▸ **WHAT THE EXERCISE ASKS**:
Return every entry exactly, except for any pictures.

:: EXERCISE DATA ::

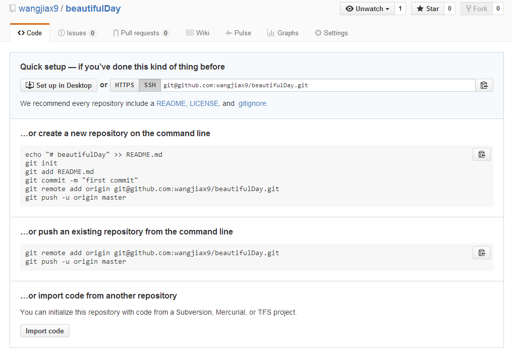 这个时候文件已经存放到本地仓库了,如果想要push到github上,则输入:
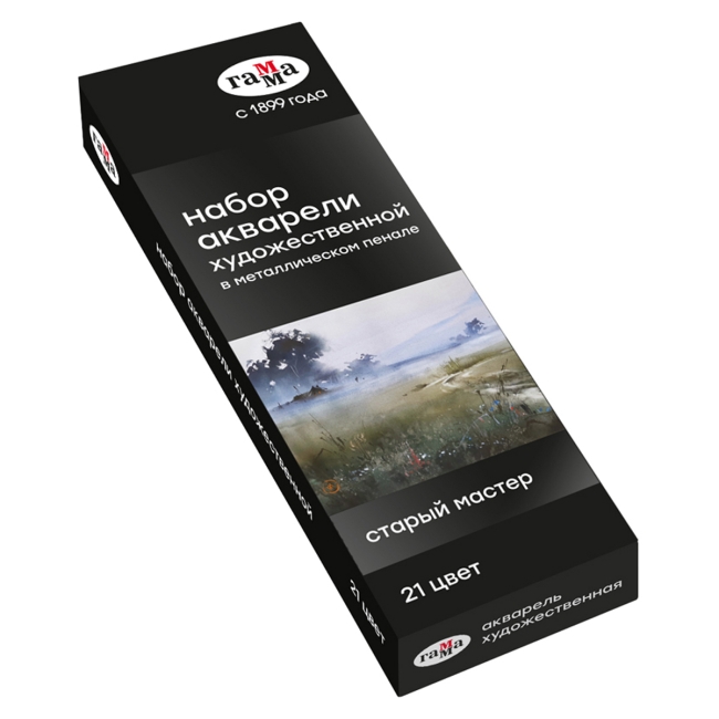 Профессиональная художественная акварель «ГАММА» серии «Старый мастер» разработана в собственной исследовательской лаборатории завода. Профессиональные краски состоят из тонкодисперсных пигментов, связующего, в состав которого входит раствор растительного клея - гуммиарабика высшей степени очистки, что обеспечивает насыщенность цветов, чистоту и прозрачность красочного слоя. Акварель «Старый мастер» изготавливается без использования дополнительных наполнителей, а многослойная заливка увеличивает долю пигмента. Краски обладают высоким уровнем светостойкости. С помощью акварельных красок «ГАММА» серии «Старый мастер» можно писать в различных техниках, например, - лессировка, по - мокрому, заливка, сухая кисть. Набор представлен в металлическом пенале с удобными креплениями кювет, палитрой и кольцом-держателем на обратной стороне. Такой формат удобен для пленэра или студии. Иллюстрация для упаковки предоставлена Ильей Ибряевым.
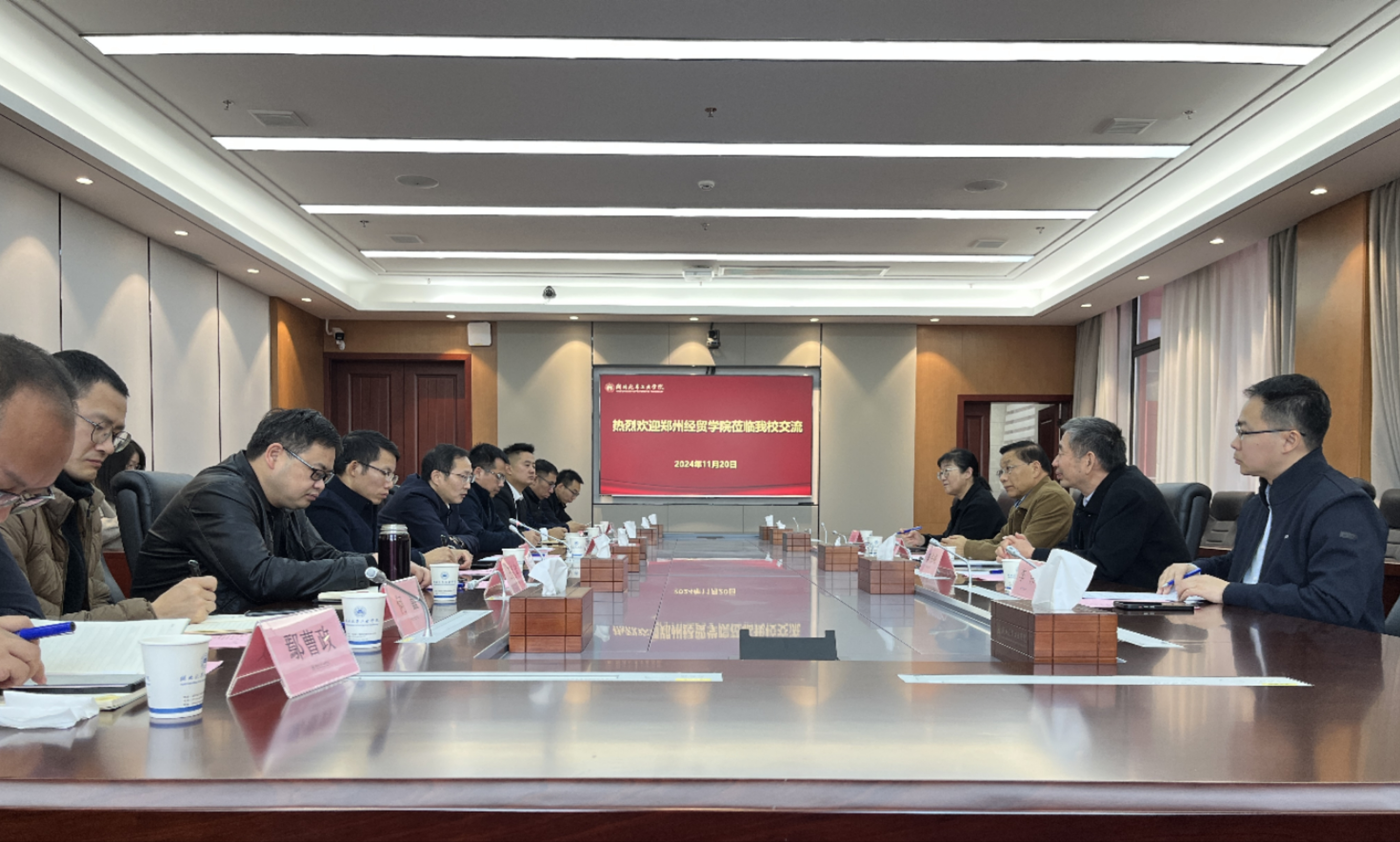 本网讯(文/胡姜)11月20日,郑州经贸学院副校长刘登义一行来校就学科建设工作开展调研交流。我校党委副书记李涛热情接待,并在产教大楼三楼会议室举行座谈。
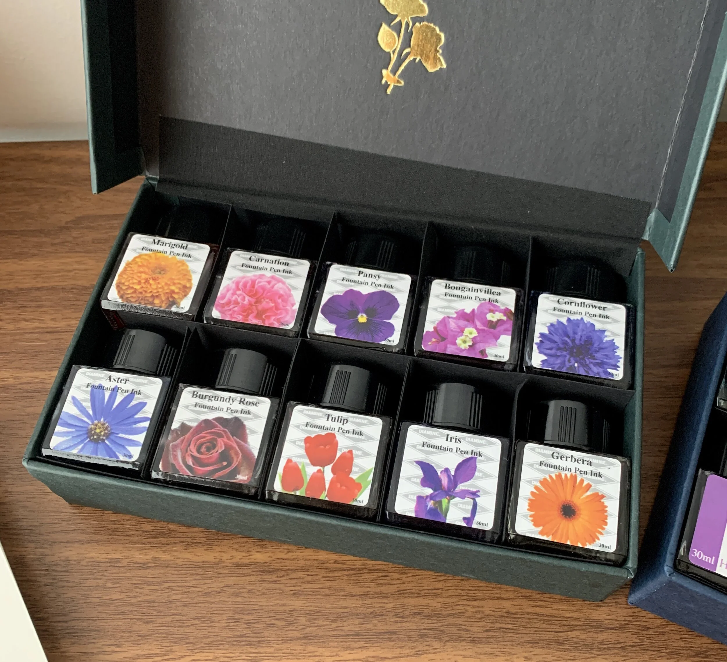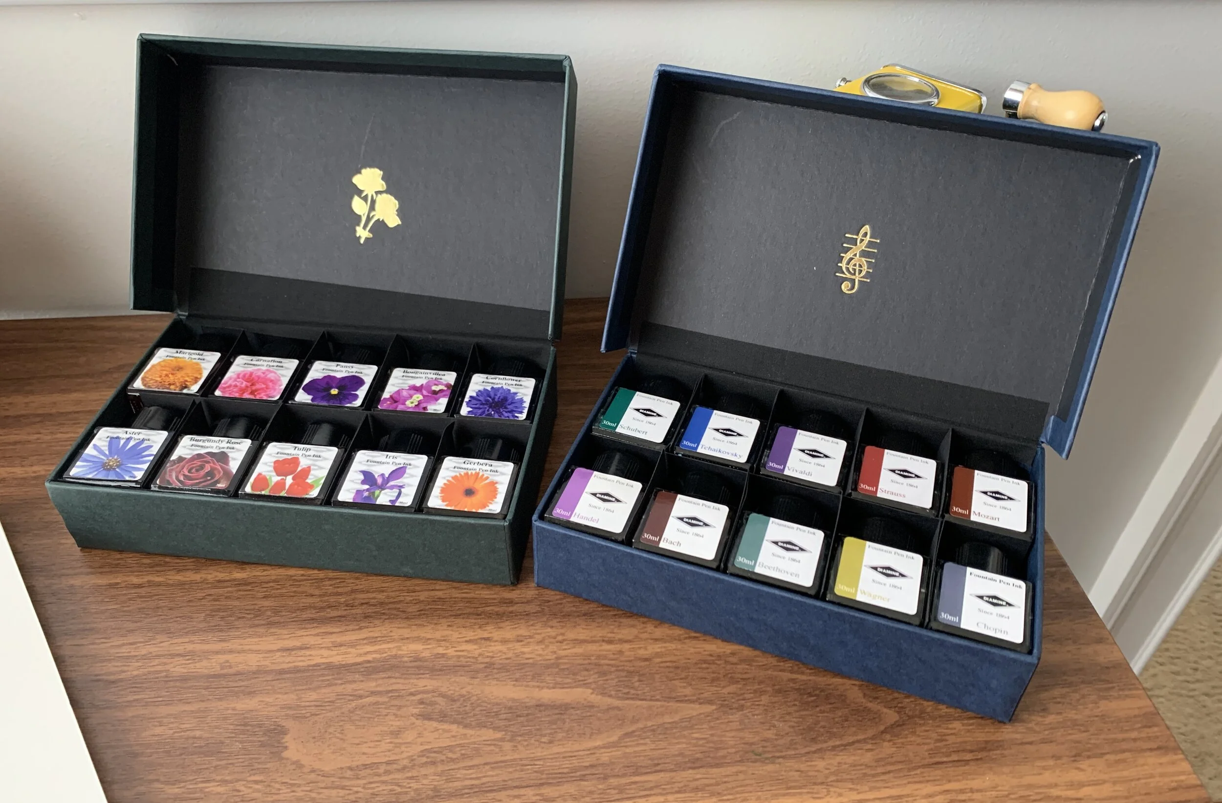 I purchased both sets pictured here from site sponsor Appelboom. The Diamine Music Ink Set and Flower Ink Set are priced at just under 50 Euros, which comes to around 5 Euros per 30ml bottle. Given that I generally like all of the colors in both sets, it worked out to a pretty good deal for me. I’ve heard anecdotally that you can purchase refills of the individual inks directly from Diamine, but I’ve been unable to find a link on their site and suspect you would need to reach out to them directly.
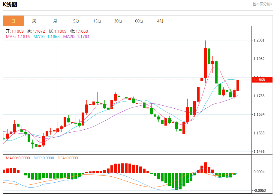 今日周一,截止目前欧元兑美元报1.1874,上涨0.51%。
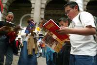 Dialogan, quieran o no, los que hormiguean aquí y allá; los que hojean un libro, los que asisten a una conferencia, los que piden un autógrafo, los que leen y los que escriben; dialogan los que vienen por obligación, porque los mandaron de la escuela. Lo hacen con más gusto los que vienen por su voluntad, aunque sea nada más a ver; también los que andan de paseo como quien va a Chapultepec, con un niño de la mano o en brazos. Dialogan los que ya saben qué quieren y los que llegan dispuestos a dejarse sorprender.
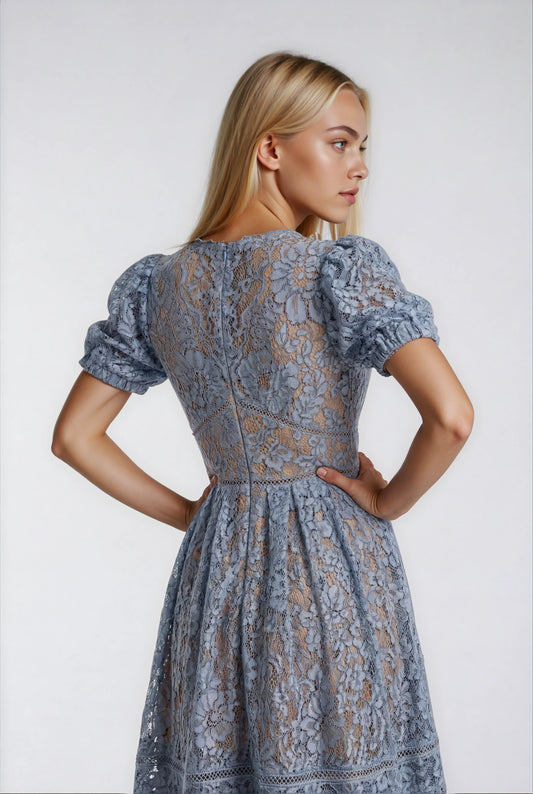 26% İndirimÖzel Dantel Detaylı Açık Mavi Elbise
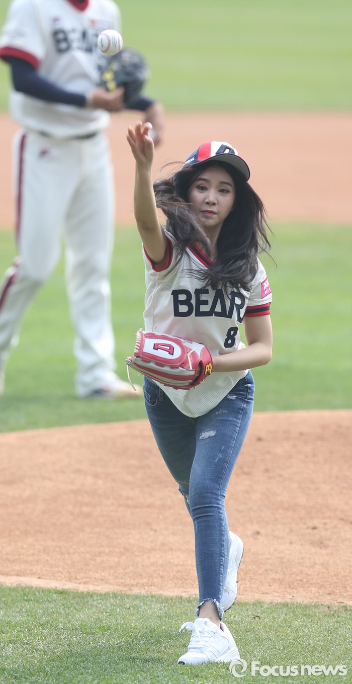 (서울=포커스뉴스) 10일 서울 잠실구장에서 열린 2016 프로야구 넥센-두산 경기에서 걸그룹 피에스타의 차오루가 시구하고 있다.
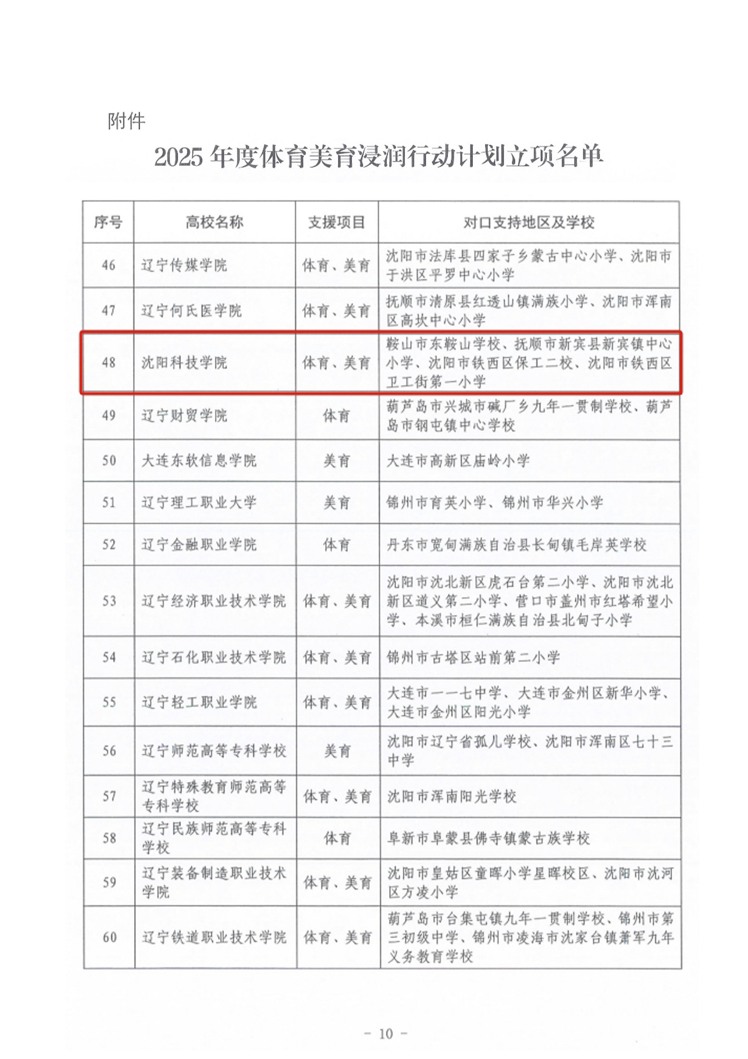 近日,辽宁省教育厅发布了《关于公布2025年度体育美育浸润行动计划立项名单的通知》,我校成功获批该计划立项。根据计划,学校将组织专业的体育美育教师团队,在体育美育课程教学、实践活动、校园文化建设以及教师队伍建设等方面,面向指定的中小学提供定向精准帮扶和志愿服务,充分发挥高校体育美育专业教师和相关专业学生的力量,为中小学校体育美育课程建设及相关教学活动提供有力支撑,推动中小学体育美育日常化、多样化、特色化发展。
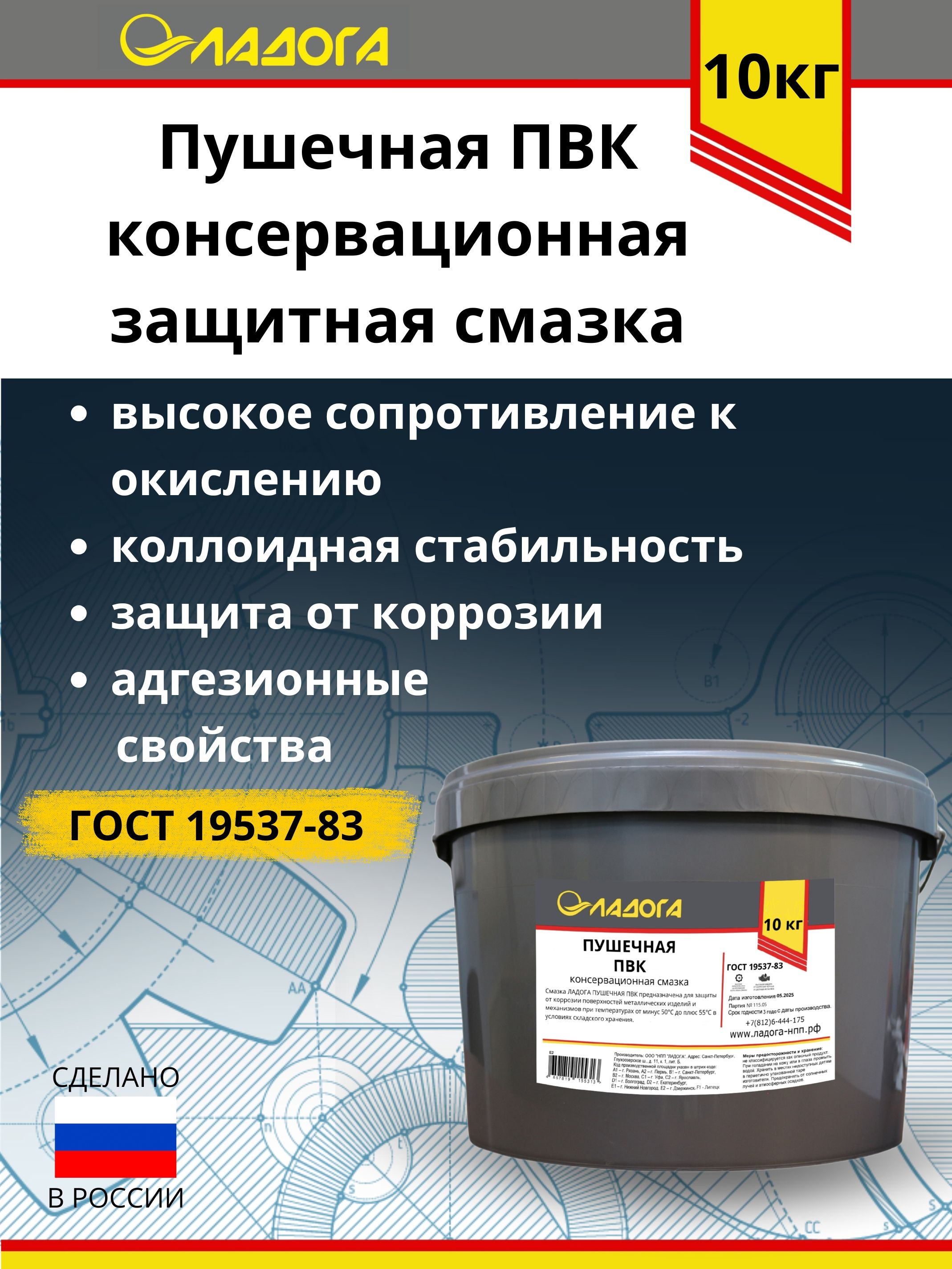 Смазка ЛАДОГА Пушечная ПВК – консервационная смазка, изготовленная из вязкого минерального масла с добавлением присадок, обеспечивающих консервационные, низкотемпературные и адгезионные свойства. Пушечное сало работоспособно при температурах от минус 50°С до плюс 50°С.Пушечная смазка предназначена для защиты от коррозии поверхностей металлических изделий и механизмов при температурах от минус 50°С до плюс 55°С в условиях складского хранения.
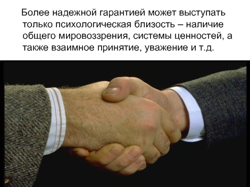 Слайд 35 Более надежной гарантией может выступать только психологическая близость –

:::

▸ **REPLY**:
 这个时候文件已经存放到本地仓库了,如果想要push到github上,则输入:
 Профессиональная художественная акварель «ГАММА» серии «Старый мастер» разработана в собственной исследовательской лаборатории завода. Профессиональные краски состоят из тонкодисперсных пигментов, связующего, в состав которого входит раствор растительного клея - гуммиарабика высшей степени очистки, что обеспечивает насыщенность цветов, чистоту и прозрачность красочного слоя. Акварель «Старый мастер» изготавливается без использования дополнительных наполнителей, а многослойная заливка увеличивает долю пигмента. Краски обладают высоким уровнем светостойкости. С помощью акварельных красок «ГАММА» серии «Старый мастер» можно писать в различных техниках, например, - лессировка, по - мокрому, заливка, сухая кисть. Набор представлен в металлическом пенале с удобными креплениями кювет, палитрой и кольцом-держателем на обратной стороне. Такой формат удобен для пленэра или студии. Иллюстрация для упаковки предоставлена Ильей Ибряевым.
 本网讯(文/胡姜)11月20日,郑州经贸学院副校长刘登义一行来校就学科建设工作开展调研交流。我校党委副书记李涛热情接待,并在产教大楼三楼会议室举行座谈。
 I purchased both sets pictured here from site sponsor Appelboom. The Diamine Music Ink Set and Flower Ink Set are priced at just under 50 Euros, which comes to around 5 Euros per 30ml bottle. Given that I generally like all of the colors in both sets, it worked out to a pretty good deal for me. I’ve heard anecdotally that you can purchase refills of the individual inks directly from Diamine, but I’ve been unable to find a link on their site and suspect you would need to reach out to them directly.
 今日周一,截止目前欧元兑美元报1.1874,上涨0.51%。
 Dialogan, quieran o no, los que hormiguean aquí y allá; los que hojean un libro, los que asisten a una conferencia, los que piden un autógrafo, los que leen y los que escriben; dialogan los que vienen por obligación, porque los mandaron de la escuela. Lo hacen con más gusto los que vienen por su voluntad, aunque sea nada más a ver; también los que andan de paseo como quien va a Chapultepec, con un niño de la mano o en brazos. Dialogan los que ya saben qué quieren y los que llegan dispuestos a dejarse sorprender.
 26% İndirimÖzel Dantel Detaylı Açık Mavi Elbise
 (서울=포커스뉴스) 10일 서울 잠실구장에서 열린 2016 프로야구 넥센-두산 경기에서 걸그룹 피에스타의 차오루가 시구하고 있다.
 近日,辽宁省教育厅发布了《关于公布2025年度体育美育浸润行动计划立项名单的通知》,我校成功获批该计划立项。根据计划,学校将组织专业的体育美育教师团队,在体育美育课程教学、实践活动、校园文化建设以及教师队伍建设等方面,面向指定的中小学提供定向精准帮扶和志愿服务,充分发挥高校体育美育专业教师和相关专业学生的力量,为中小学校体育美育课程建设及相关教学活动提供有力支撑,推动中小学体育美育日常化、多样化、特色化发展。
 Смазка ЛАДОГА Пушечная ПВК – консервационная смазка, изготовленная из вязкого минерального масла с добавлением присадок, обеспечивающих консервационные, низкотемпературные и адгезионные свойства. Пушечное сало работоспособно при температурах от минус 50°С до плюс 50°С.Пушечная смазка предназначена для защиты от коррозии поверхностей металлических изделий и механизмов при температурах от минус 50°С до плюс 55°С в условиях складского хранения.
 Слайд 35 Более надежной гарантией может выступать только психологическая близость –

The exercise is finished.